Thank you all guys, it worked, it was the getline() which was giving me problems indeed. Due to the 'while' loop, each time it found a new line character, it restarted the process, hence skipping those 7 characters.

What is the "right" way to read a file with C++ fstreams?

I am using the standard C++ fstreams library and I am wondering what is the right way to use it. By experience I sort of figured out a small usage protocol, but I am not really sure about it. For the sake of simplicity let's assume that I just want to read a file, e.g., to filter its content and put it on another file. My routine is roughly as follows:
I declare a local istream i("filename") variable to open the file;
I check either i.good() or i.is_open() to handle the case where something went bad when opening, e.g., because the file does not exist; after, I assume that the file exists and that i is ok;
I call i.peek() and then again i.good() or i.eof() to rule out the case where the file is empty; after, I assume that I have actually something to read;
I use >> or whatever to read the file's content, and eof() to check that I am over;
I do not explicitly close the file - I rely on RAII and keep my methods as short and coherent as I can.
Is it a sane (correct, minimal) routine? In the negative case, how would you fix it? Please note that I am not considering races - synchronization is a different affair.
I would eliminate the peek/good/eof (your third step). Simply attempt to read your data, and check whether the attempted read succeeded or failed. Likewise, in the fourth step, just check whether your attempted read succeeded or not.
Typical code would be something like:
std::ifstream i("whatever");
if (!i)
error("opening file");
while (i >> your_data)
process(your_data);
if (!i.eof())
// reading failed before end of file
It's simpler than you have described. The first two steps are fine (but the second is not necessary if you follow the rest of my advice). Then you should attempt extraction, but use the extraction as the condition of a loop or if statement. If, for example, the file is formatted as a series of lines (or other delimited sequences) all of the same format, you could do:
std::string line;
while (std::getline(i, line)) {
// Parse line
}
The body of the loop will only execute if the line extraction works. Of course, you will need to check the validity of the line inside the loop.

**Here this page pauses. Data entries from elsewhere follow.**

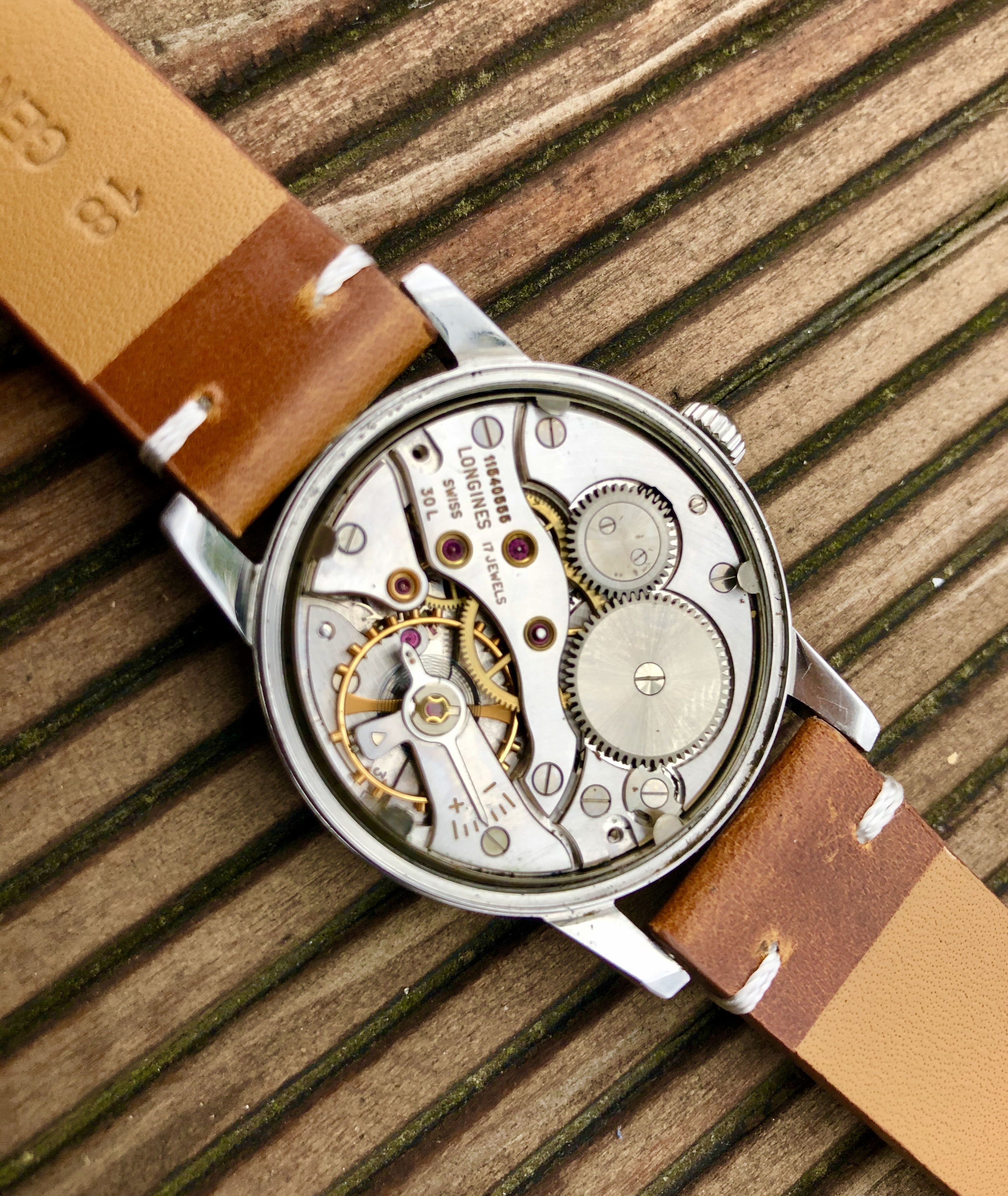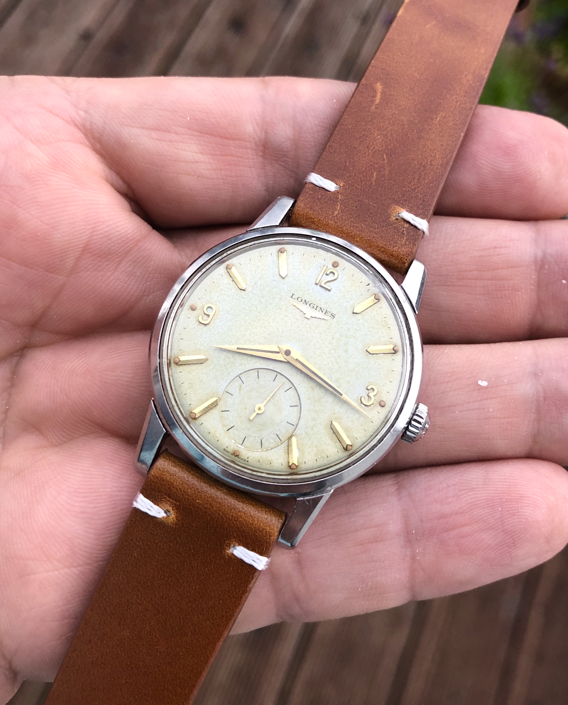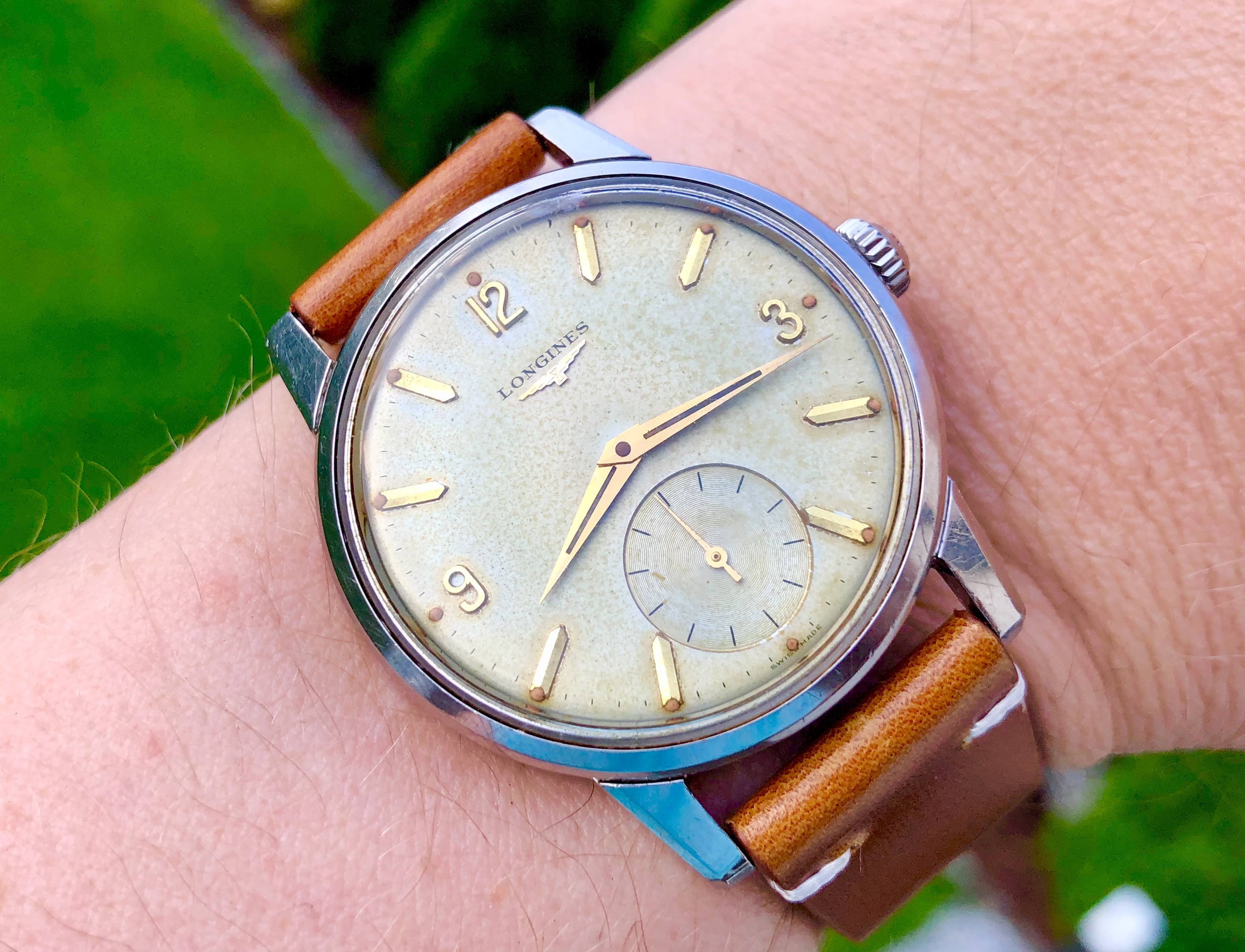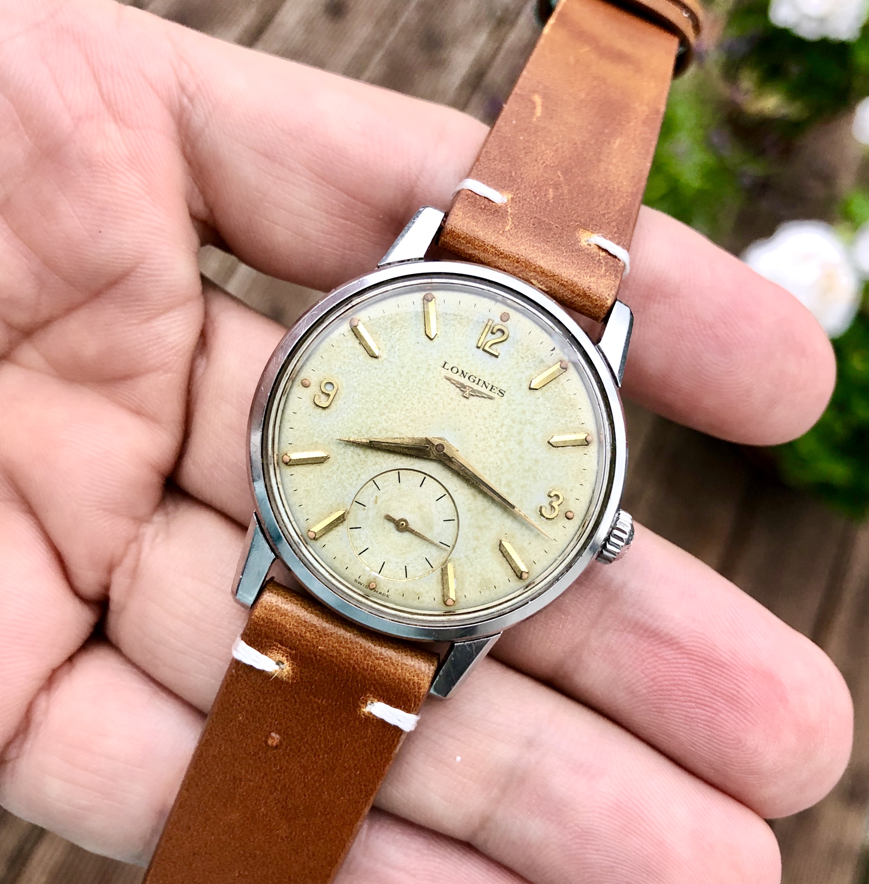 For sale is an original rare Longines from ca 1960 in stainless steel case. A classic gent's dress size at 35mm in diameter, this Longines wears large, as they say, because of the small bezel, big face and long, beefy lugs.
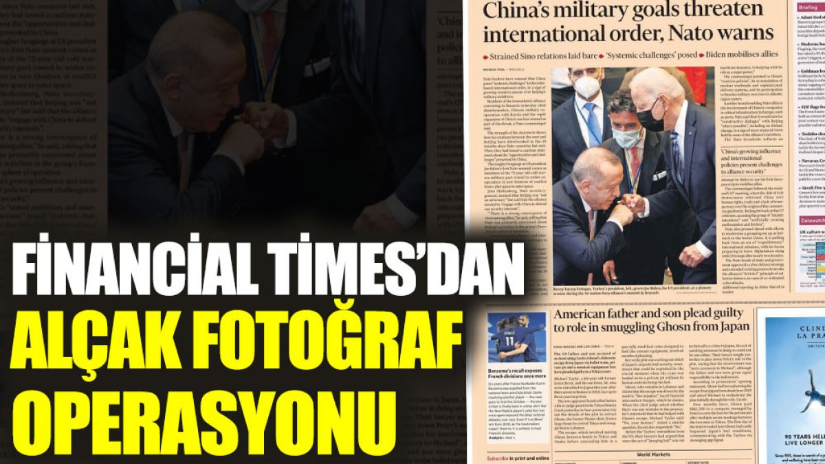 Financial Times, Erdoğan'ın yanına gelen Biden için ayağa kalkarken elini öpüyormuş gibi görüntülenen fotoğrafı kullandı.
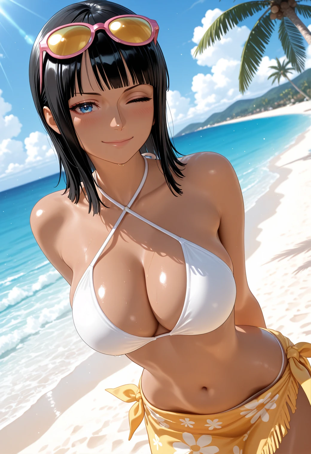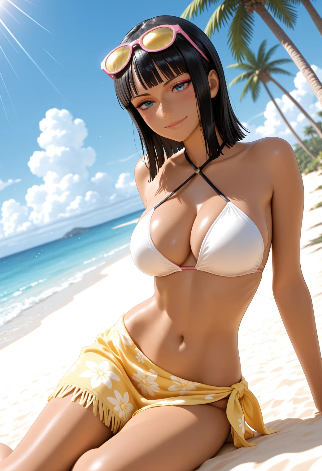 • Outfit: sunglasses, pink-framed eyewear, yellow tinted eyewear, eyewear on head, white bikini, criss-cross halterneck, collarbone, cleavage, navel, yellow sarong,
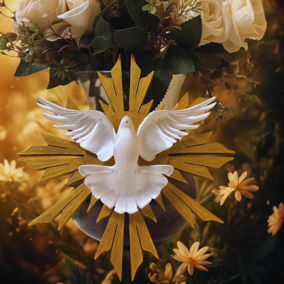 Produzido em PLA de alta qualidade e pintado à mão com detalhes em branco e dourado, este Espírito Santo combina espiritualidade e elegância em uma peça leve, durável e marcante.
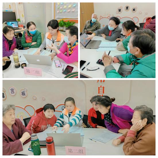 专题培训围绕项目路演PPT制作进行讲解,并为每个小组配备了一名小助手,与社区社会组织骨干共学,协助大家制作项目路演PPT。社工先向大家介绍了路演PPT制作技巧与方法,之后,在小助手的引导下,大家就“项目路演PPT如何制作”纷纷提出自己的想法和建议,“PPT模板应该选这个”“这个PPT模板颜色太淡了”……现场传递着诸如此类的声音,在社工培力陪伴下,大家慢慢掌握了PPT制作技巧,项目路演PPT初具形态。

If you have a certain series of extractions or other operations to do on the stream, you can place them in an if condition like so:
if (i >> some_string &&
i.get() == '-' &&
i >> some_int) {
// Use some_string and some_int
}
If this first extraction fails, the i.ignore() not execute due to short-circuit evaluation of &&. The body of the if statement will only execute if both extractions succeed. If you have two extractions together, you can of course chain them:
if (i >> some_string >> some_int) {
// Use some_string and some_int
}
The second extraction in the chain will not occur if the first one fails. A failed extraction puts the stream in a state in which all following extractions also fail automatically.
For this reason, it's also fine to place the stream operations outside of the if condition and then check the state of the stream:
i >> some_string >> some_int;
if (i) {
// Use some_string and some_int
}
With both of these methods, you don't have to check for certain problems with the stream. Checking the stream for eof() doesn't necessarily mean that the next read will fail. A common case is when people use the following incorrect extraction loop:
// DO NOT DO THIS
while (!i.eof()) {
std::getline(i, line)
// Do something with line
}
Most text files end with an extra new line at the end that text editors hide from you. When you're reading lines from the text file, for the last iteration you haven't yet hit the end of file because there's still a \n to read. So the loop continues, attempts to extract the next line which doesn't exist and screws up. People often observe this as "reading the last line of the file twice".